March 3, 2020
What the candidates really mean when they say “carbon tax”
14 states hold nominating contests on Super Tuesday to determine which candidates they will nominate in the 2020 Presidential Election.
As you’re getting ready to cast your ballot, consider that how you vote can be one of the most significant climate actions you take this year.
Grist has a great comprehensive guide to the candidates and their positions on various climate policies. All of these policies are important.
But we’d like to draw your attention to one policy in particular: a carbon tax. Studies show that putting a price on carbon would make a significant dent in the climate crisis. Many viable proposals exist, but we’re a fan of the carbon fee and dividend approach. More details below.
Although it may seem that a carbon tax is far in the future, significant momentum exists. Over 40 governments worldwide have already adopted a carbon tax. Among Americans, the Associated Press and NORC Center for Public Affairs Research found that 44% of people support a carbon tax.
Do you know where your candidate stands on a carbon tax? In our Super Tuesday special, the Joro team takes a look at different types of carbon taxes and where each candidate stands.
SERVED FRESH: CARBON TAXATION 3 WAYS
Cap and Trade (e.g. California)
Cap and Trade creates a cap on how much greenhouse gas a company can emit each year, by setting a number of allowances for each company. If a company emits more than they’re allowed to, they can purchase excess permits from other companies through an open market.
Carbon Tax (e.g. Sweden, and many other countries)
A carbon tax directly sets a tax on each unit of greenhouse gas emitted. It creates an incentive for companies or households to reduce pollution when doing so costs less than paying the tax. Revenue collected from the tax goes to the government.
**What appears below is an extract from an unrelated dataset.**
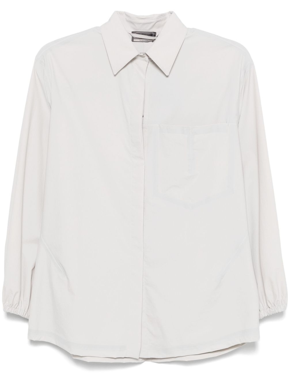 textured shirt Highlights - Light grey - Concealed front button fastening - Chest patch pocket - Elasticated cuffs - Pleat detailing Imported Composition Polyamide 81%, Elastane 13%, Polyester 6% SIZE & FIT Model measurements Height 5 ft 10 in(1.78 m) Bust/Chest 33.85 in(86 cm) Hips 36.61 in(93 cm) Waist 26.77 in(68 cm) FittingInformation Designed to be unstructured, offering a loose fit throughout Made from a lightweight stretch fabric, this piece offers elasticity and flexibility when worn

Carbon Fee and Dividend (e.g. British Columbia, Canada)
Under a Carbon Fee and Dividend, the government sets a price on fossil fuels at their point of entry into the economy (e.g. as coal, oil, or natural gas). Prices are passed down, and companies in the supply chain pay more if they use more greenhouse gases. The revenue from the carbon tax is either fully or partially redistributed to households.
ORDERS UP: THE CANDIDATES
Horses still in
Biden: Joe supports a Carbon Tax, proposing he will push congress to pass legislation by 2025.
Bloomberg: Mike plans to set emissions limits on energy production facilities (suggesting a “quota” system stricter than Cap and Trade).
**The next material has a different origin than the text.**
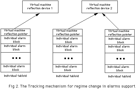 Multiple alarms support is achieved by replacement of the alarm blocks by alarm tabloids, each containing 16 alarm blocks (digital or analog), thus allowing to support up to 16 different alarm blocks per device/property inside FRIG. Every tabloid has a pointer to the virtual machine reflection device, by which it is controlled. This hierarchical scheme is established in the Database, by introducing additional property - PRVMDI. For given device this property defines Virtual Machine FE device controlling it and the set of the controlled properties (Analog Alarms, Digital Alarms, Settings, etc.). Given Virtual machine FE device, it is possible to query Virtual machine FE to determine Virtual machine reflection device for the given node, that actually fulfills local regime control. This hierarchy can be downloaded into the microprocessor either by using Frigboot (Database download) or specialized alarm viewer application (D67). D67 also allows for queering this hierarchy from the FRIG microprocessor. Specialized proprietary protocol is used to support downloading and read back of hierarchical information. Each time, when alarm scan is fulfilled, the value of the virtual machine reflection device is obtained and this value serves as an index into array of alarm blocks for this particular tabloid. The virtual machine reflection device itself, in this implementation, doesn't have to know about alarm tabloids it is controlling. This allows to have connection pointers only in tabloids themselves and eliminates necessity of maintaining the linked list of tabloids, belonging to each particular virtual machine reflection. The overall regime tracking mechanism is shown on FIG. 2.

Sanders: Bernie has been an early proponent of a Carbon Tax, but recently has de-emphasized taxation, calling it one of many measures needed alongside litigation and reduction of subsidies.
Warren: Liz supports putting a price on carbon, emphasizing that companies should pay for emissions, although she doesn’t specify a specific taxation approach.
Trump: Donald does not support putting a price on carbon. While in office, he has slashed estimates of the social cost of carbon, sued California over Cap and Trade, and threatened retaliation against the EU over potential carbon taxes on US goods.
Buttigieg: Pete supports a Carbon Fee and Dividend to reduce emissions and plans to extend tax credits for carbon capture.
Klobuchar: Amy would push to set a price on carbon, but has not specified if she’d support a Cap and Trade or Carbon Tax approach.
Steyer: Tom supports a Cap and Trade program to limit the greenhouse gases emitted in any given year.